== Work to be completed ==
Please copy, exactly as written, the span from the first line below to the line that contains "Гостевые каюты на", including both, and skip the pictures.

== Data for the task ==
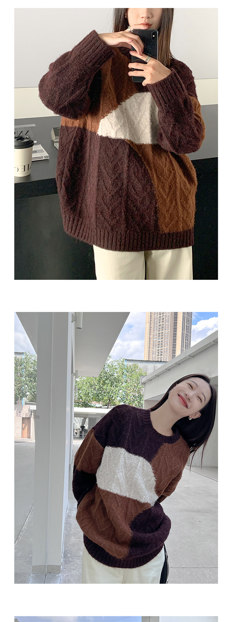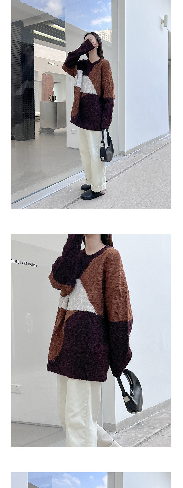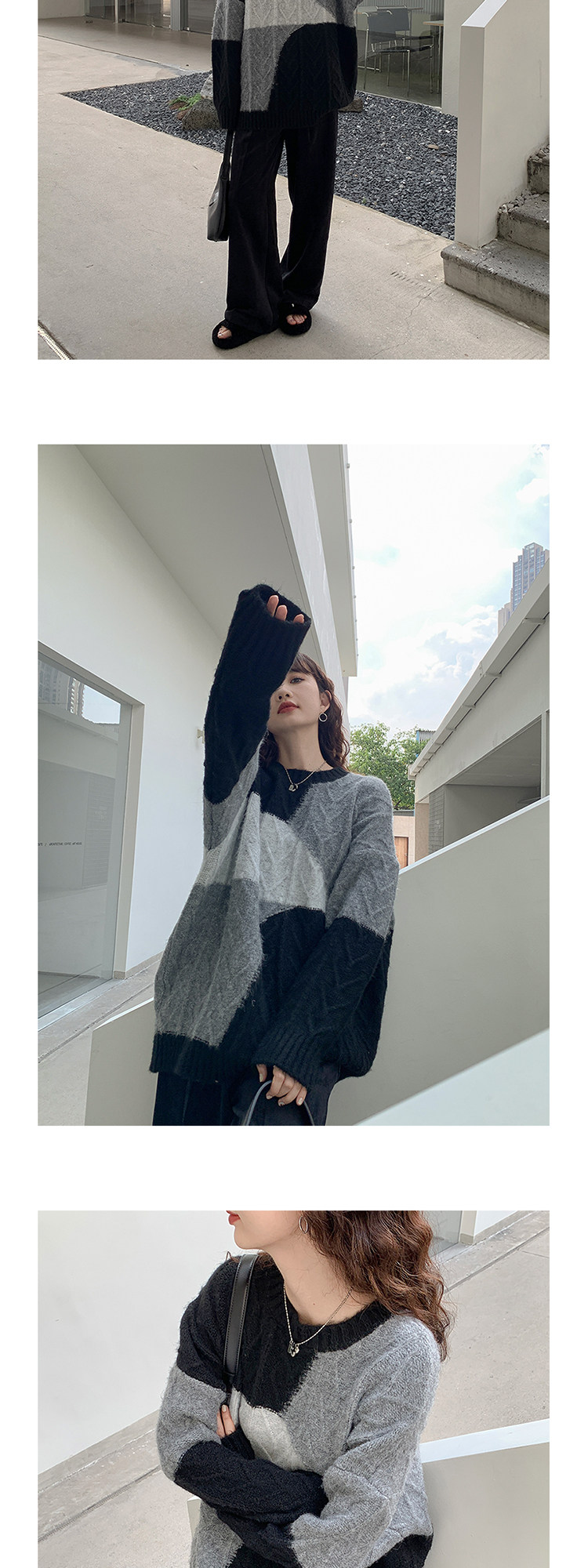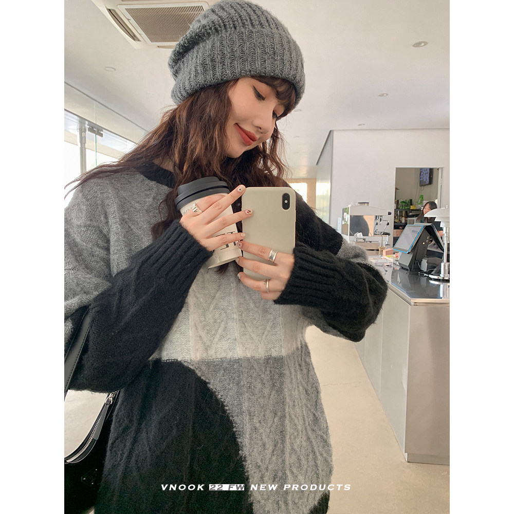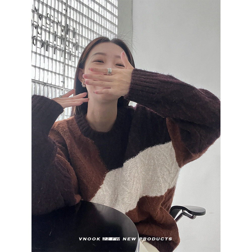 VNOOK нерегулярный свитер контрастного цвета, женский новый ленивый стильный дизайн, свободный нежный топ с круглым вырезом, осень и зима
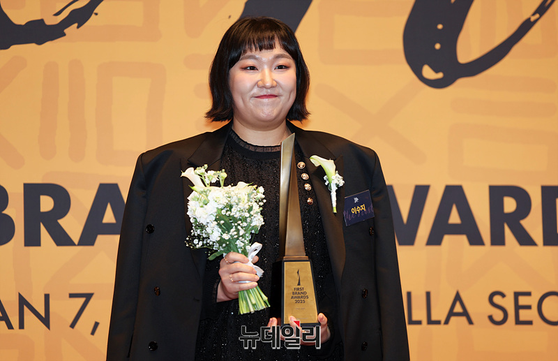 코미디언 이수지가 7일 오전 서울 중구 신라호텔에서 열린 '2025 대한민국 퍼스트브랜드 대상 시상식' 포토월에서 포즈를 취하고 있다.
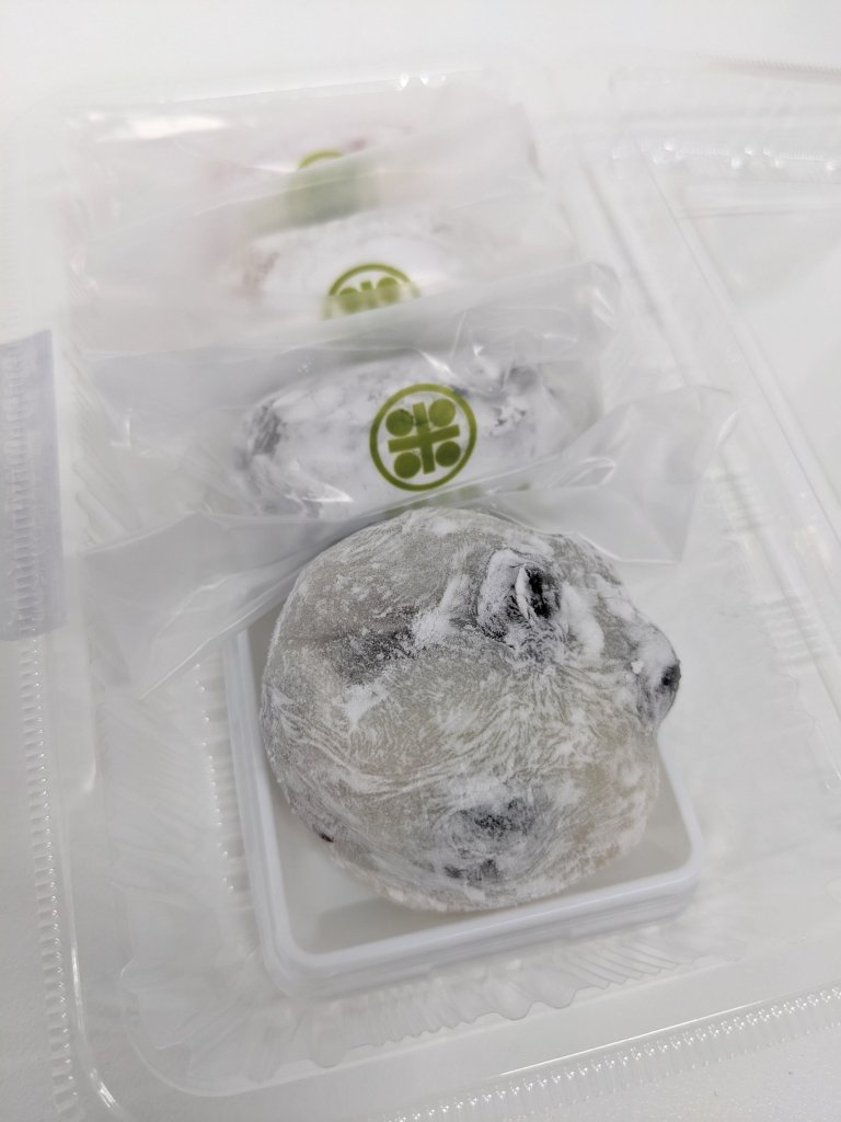 黒豆大福は粒感控えめの粒あん。ほどよい柔らかさの餅生地にやや食感を残した黒豆が存在感大!甘さも程よく美味しかった。
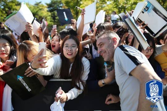 파울루 벤투 감독과 포르투갈 코치들은 문화 충격을 경험한 듯한 표정이었다. 유럽에서 축구는 남성 중심의 팬덤이 구성되는 데 반해 그들이 본 첫 A매치 관중석과 이날 행사는 여성 비중이 매우 높았다. 신기한듯 바라보던 코치들은 인증샷을 찍는 모습을 보였다. 한걸음 떨어져 지켜보던 벤투 감독은 자신을 연호하는 목소리가 높아지자 협회 직원과 통역의 설명을 들은 뒤 팬들의 사인 요구에 응했다. 무뚝뚝한 표정으로 유명한 그지만 그 순간엔 밝은 표정을 보였다.
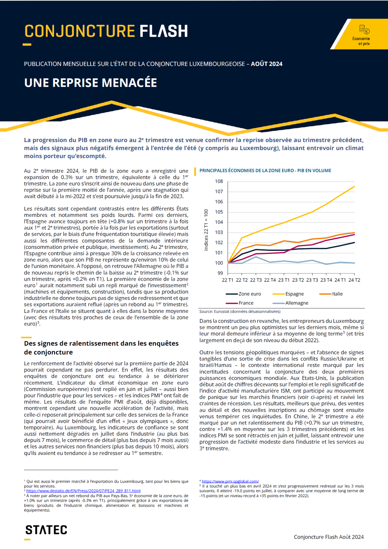 Conjoncture Flash Août 2024 : Une reprise menacée
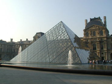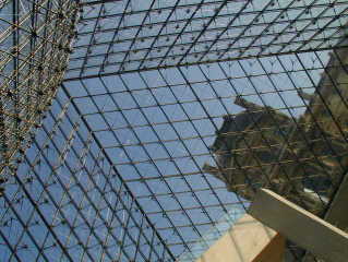 | ガラスのピラミッドを内側から見たところ。近年作られたこのピラミッドとその向こうに見える歴史を重ねた建物の不思議な調和。 | このピラミッドが入口。ここで荷物のX線検査があります。空港みたいな感じ。朝早かったのですが、すでに長〜い行列が出来ていました。 |
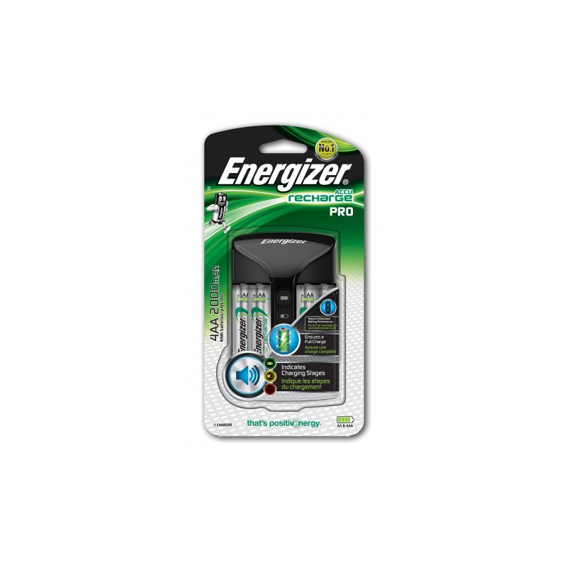 Energizer Pro Charger. Alimentación: Corriente alterna, Tecnología de baterías compatibles: Níquel-metal hidruro (NiMH), Tamaño de baterías compatibles: AA, AAA. Color del producto: Negro, Indicadores LED: Carga. Tipo: Cargador de baterías para interior. Voltaje de entrada: 100 - 240 V, Frecuencia de entrada: 50/60 Hz, Capacidad de la batería (mín.): 0,5 Ah. Tecnología de batería: Níquel-metal hidruro (NiMH), Capacidad de batería: 2000 mAh, Número de baterías incluidas: 4 pieza(s)
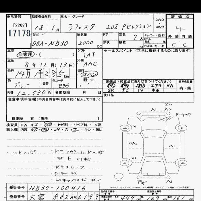 Nissan LAFESTA с аукциона Японии JU Saitama лот № 17178
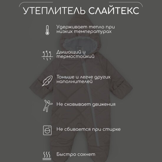 Комбинезон детский демисезонный стеганый с закрытыми ножками Amarobaby ELF, лавандово-серый, размер 62 4 624 ₽
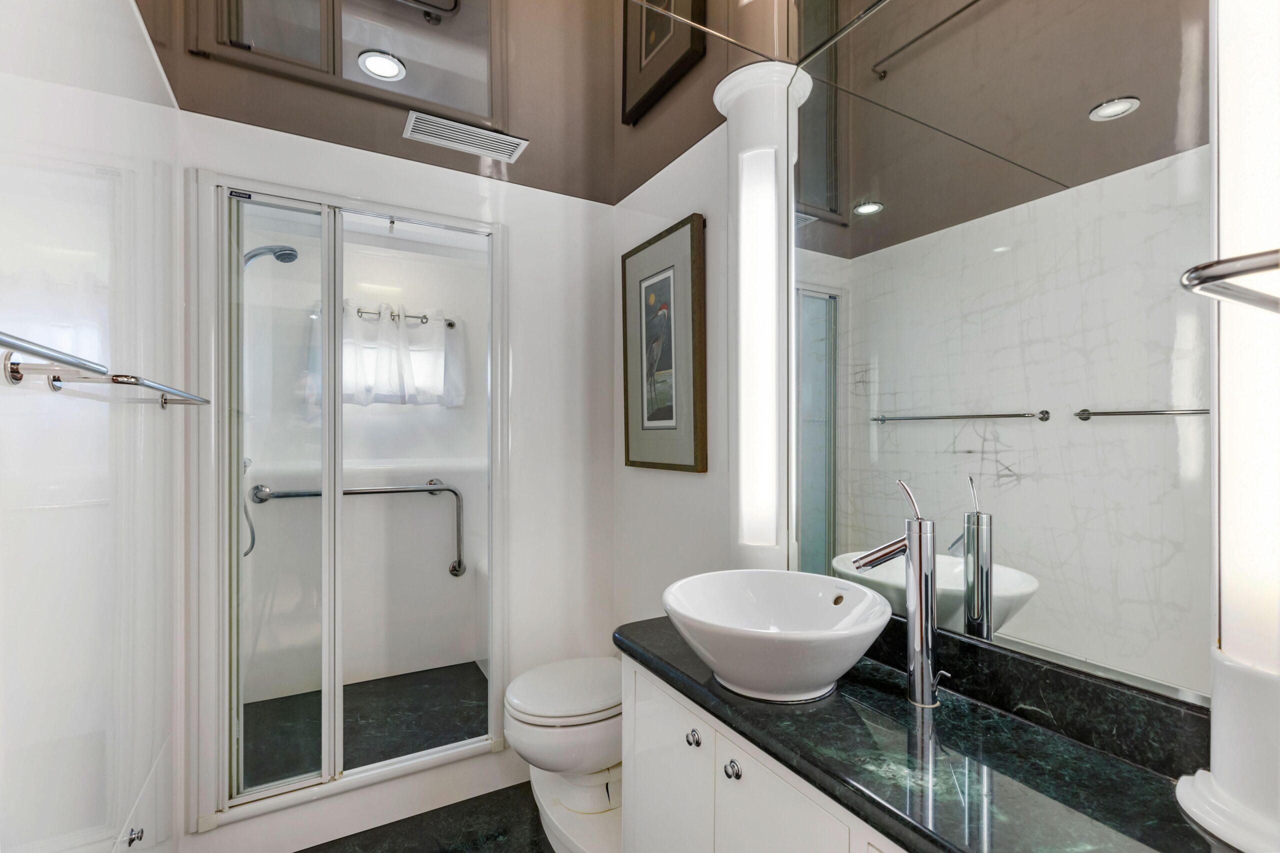 Гостевые каюты на нижней палубе включают три каюты: мастер-каюта во всю ширину корпуса — в самой кормовой части, VIP — в носу, и гостевая каюта по правому борту. Во всех каютах — собственные санузлы с душевыми.
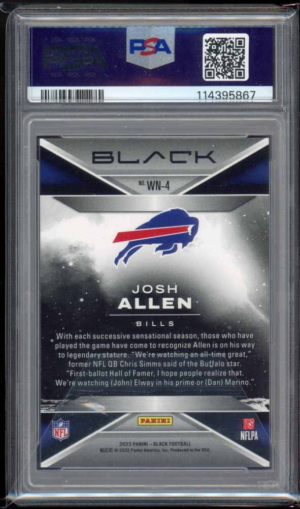 Up for sale is a 2023 Panini Black Josh Allen #4 White Night Case Hit , graded PSA Authentic . This ultra-rare insert features the Buffalo Bills superstar quarterback in the stunning White Night design — one of the toughest and most desirable short prints in the entire Panini Black checklist. A true centerpiece for any modern football collection. Details: Player: Josh Allen Team: Buffalo Bills Set: 2023 Panini Black Football Subset: White Night (Case Hit) Card Number: #4 Type: Short Print Insert Grade: PSA Authentic Shipping: Ships fast and secure with tracking and insurance.

== Written answer ==
 VNOOK нерегулярный свитер контрастного цвета, женский новый ленивый стильный дизайн, свободный нежный топ с круглым вырезом, осень и зима
 코미디언 이수지가 7일 오전 서울 중구 신라호텔에서 열린 '2025 대한민국 퍼스트브랜드 대상 시상식' 포토월에서 포즈를 취하고 있다.
 黒豆大福は粒感控えめの粒あん。ほどよい柔らかさの餅生地にやや食感を残した黒豆が存在感大!甘さも程よく美味しかった。
 파울루 벤투 감독과 포르투갈 코치들은 문화 충격을 경험한 듯한 표정이었다. 유럽에서 축구는 남성 중심의 팬덤이 구성되는 데 반해 그들이 본 첫 A매치 관중석과 이날 행사는 여성 비중이 매우 높았다. 신기한듯 바라보던 코치들은 인증샷을 찍는 모습을 보였다. 한걸음 떨어져 지켜보던 벤투 감독은 자신을 연호하는 목소리가 높아지자 협회 직원과 통역의 설명을 들은 뒤 팬들의 사인 요구에 응했다. 무뚝뚝한 표정으로 유명한 그지만 그 순간엔 밝은 표정을 보였다.
 Conjoncture Flash Août 2024 : Une reprise menacée
 | ガラスのピラミッドを内側から見たところ。近年作られたこのピラミッドとその向こうに見える歴史を重ねた建物の不思議な調和。 | このピラミッドが入口。ここで荷物のX線検査があります。空港みたいな感じ。朝早かったのですが、すでに長〜い行列が出来ていました。 |
 Energizer Pro Charger. Alimentación: Corriente alterna, Tecnología de baterías compatibles: Níquel-metal hidruro (NiMH), Tamaño de baterías compatibles: AA, AAA. Color del producto: Negro, Indicadores LED: Carga. Tipo: Cargador de baterías para interior. Voltaje de entrada: 100 - 240 V, Frecuencia de entrada: 50/60 Hz, Capacidad de la batería (mín.): 0,5 Ah. Tecnología de batería: Níquel-metal hidruro (NiMH), Capacidad de batería: 2000 mAh, Número de baterías incluidas: 4 pieza(s)
 Nissan LAFESTA с аукциона Японии JU Saitama лот № 17178
 Комбинезон детский демисезонный стеганый с закрытыми ножками Amarobaby ELF, лавандово-серый, размер 62 4 624 ₽
 Гостевые каюты на нижней палубе включают три каюты: мастер-каюта во всю ширину корпуса — в самой кормовой части, VIP — в носу, и гостевая каюта по правому борту. Во всех каютах — собственные санузлы с душевыми.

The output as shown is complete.